Could the data below please be reproduced word for word, without the pictures?

__Dataset content__:
==*==

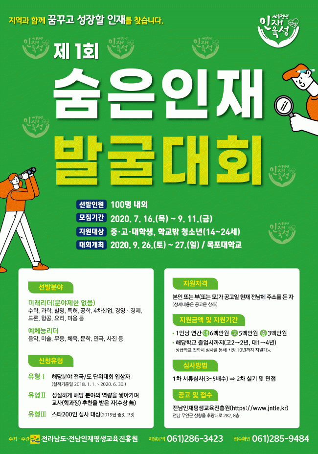 ¡®¼ûÀº ÀÎÀç ¹ß±¼´ëȸ¡¯´Â Áö¿ªÀÇ ¹Ì·¡¸¦ À̲ø ÀÎÀ縦 ¹ß±¼À°¼ºÇϱâ À§ÇØ ¿À´Â 9¿ù 26ÀϺÎÅÍ 2Àϰ£ ÆîÃÄÁö¸ç, ¹Ì·¡¸®´õ¿Í ¿¹Ã¼´É¸®´õ µî 2°³ ºÎ¹®À¸·Î ³ª´² »çÀü ¼±Á¤ÀÚ ¸ðÁý¿¡ µé¾î°£´Ù.
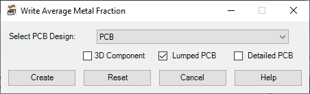 Write Average Metal Fraction allows you to calculate the average metal fraction for each layer of a PCB linked to an HFSS 3D Layout design. It also creates a PCB in a new project using one of three methods: 3D Component, Lumped PCB, or Detailed PCB.
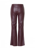 Maak een statement met deze stijlvolle faux leather broek in een diepe burgundy kleur. De flared pijpen zorgen voor een elegante en vrouwelijke uitstraling, terwijl het imitatieleer je look een stoer randje geeft. Ideaal om te combineren met een gebreide trui of een chique blouse.
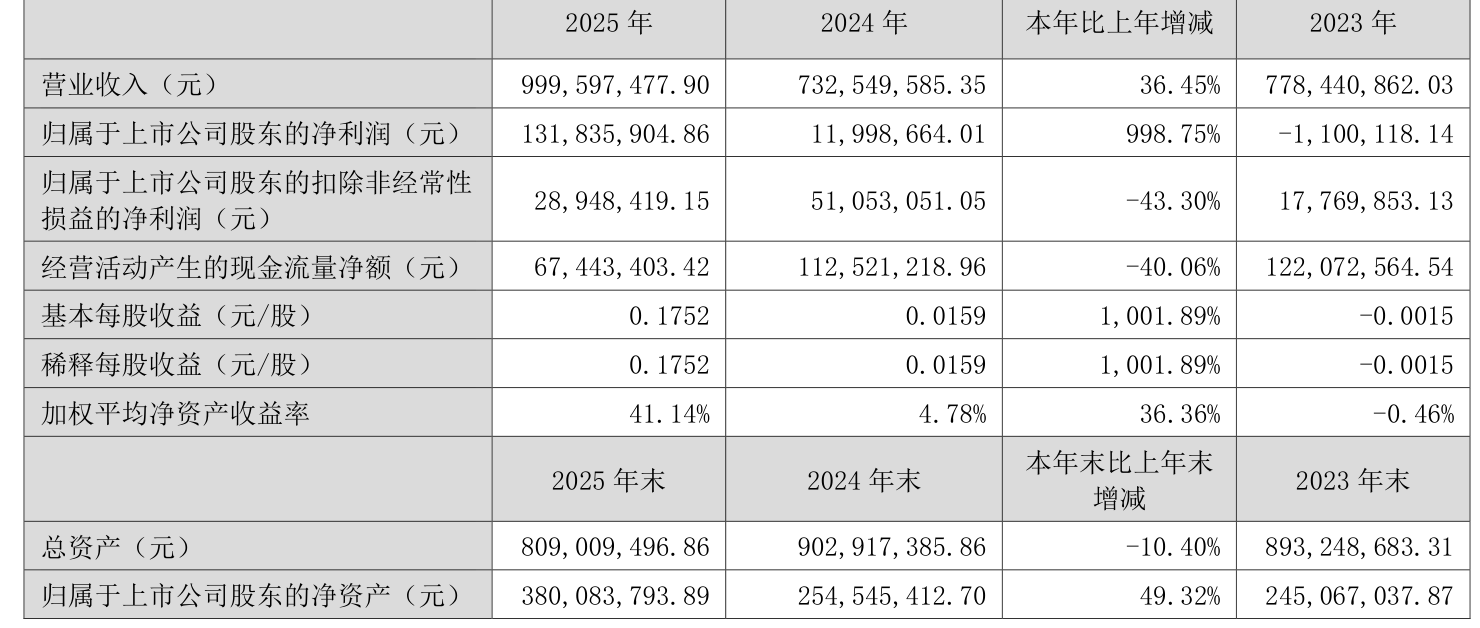 中证智能财讯升达林业(002259)4月15日披露2025年年度报告。2025年,公司实现营业总收入10亿元,同比增长36.45%;归母净利润1.32亿元,同比增长998.75%;扣非净利润2894.84万元,同比下降43.30%;经营活动产生的现金流量净额为6744.34万元,同比下降40.06%;报告期内,升达林业基本每股收益为0.1752元,加权平均净资产收益率为41.14%。

==*==

__Written reply__:
 ¡®¼ûÀº ÀÎÀç ¹ß±¼´ëȸ¡¯´Â Áö¿ªÀÇ ¹Ì·¡¸¦ À̲ø ÀÎÀ縦 ¹ß±¼À°¼ºÇϱâ À§ÇØ ¿À´Â 9¿ù 26ÀϺÎÅÍ 2Àϰ£ ÆîÃÄÁö¸ç, ¹Ì·¡¸®´õ¿Í ¿¹Ã¼´É¸®´õ µî 2°³ ºÎ¹®À¸·Î ³ª´² »çÀü ¼±Á¤ÀÚ ¸ðÁý¿¡ µé¾î°£´Ù.
 Write Average Metal Fraction allows you to calculate the average metal fraction for each layer of a PCB linked to an HFSS 3D Layout design. It also creates a PCB in a new project using one of three methods: 3D Component, Lumped PCB, or Detailed PCB.
 Maak een statement met deze stijlvolle faux leather broek in een diepe burgundy kleur. De flared pijpen zorgen voor een elegante en vrouwelijke uitstraling, terwijl het imitatieleer je look een stoer randje geeft. Ideaal om te combineren met een gebreide trui of een chique blouse.
 中证智能财讯升达林业(002259)4月15日披露2025年年度报告。2025年,公司实现营业总收入10亿元,同比增长36.45%;归母净利润1.32亿元,同比增长998.75%;扣非净利润2894.84万元,同比下降43.30%;经营活动产生的现金流量净额为6744.34万元,同比下降40.06%;报告期内,升达林业基本每股收益为0.1752元,加权平均净资产收益率为41.14%。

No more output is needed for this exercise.